Some friends of mine are holding a payback tournament scheduled Friday Aug 12th - 14th. Payouts for 1st-3rd place in Redfish, Specks, and Flounder. Last year over 225 entries. Fishing starts Friday the 12th at 4:00pm and ends at 1:00pm on Sunday the 14th. Weigh in location is at bayhouse PC 1475 on Titlum Tatlum Bayou (San Luis Pass/Cold pass area). Sign up locations are Moore Supply on Plantation in Clute, TX or at bayhouse PC 1475. Entry Fee last year was $20.00, I assume it is the same this year $25 at most. They also give away door prizes and an additional prize (last 2 years a rod/reel combo) for the red caught with the most spots. This is a great tournament, small enough for casual fisherman to win and large enough to have good payputs, I want to say 1st in each category was around $800.00 last year. Up until 2 years ago these guys were paying back 100%, but as its grown they are holding back enough to cover their expenses, I assure you they are not out to make money off of this, it was just an idea 9 years ago that has turned out to be a great tournament. On sunday at 1:00pm everone shows at the bayhouse and they give out the door prizes and money (BYOB). If your out fishing this weekend run by the bayhouse and sign up, the bayou shows up on any fishing maps if your not familiar with it.


----------



## cap'n saltgrass (May 18, 2005)

I am pretty sure I meant payout not payput...


----------



## ScottJ (Jan 20, 2005)

*Good tournament*

How did you get the name Cap'n saltgrass, just kiddin, I know how you got the name I just wish I had the pictures!

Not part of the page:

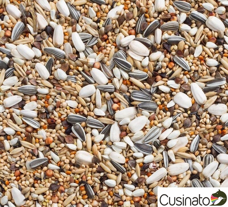 Scagliola extra 18% / Miglio giallo 23% / Miglio bianco 7% / Miglio rosso 5% / Niger 4% / Cardy 10% / Saraceno 5% / Canapa 4% / Girasole striato 7% / Girasole bianco 3% / Semi di lino 2% / Avena decorticata 2% / Avena 4% / Risone 2% / Dari rosso 4%

I have fished this tournament every year, it is a good one. We have won money five times and every year except last year at least one person in my boat won a door prize.

I will see you there, but I will not b my o b, you b my b.

Scott


----------



## Redfishslayer (Jan 12, 2005)

*Well...how did it go?*

Ok...did you guys win anything? I sure missed not going...Just too much going on. By the way it's Monday...


----------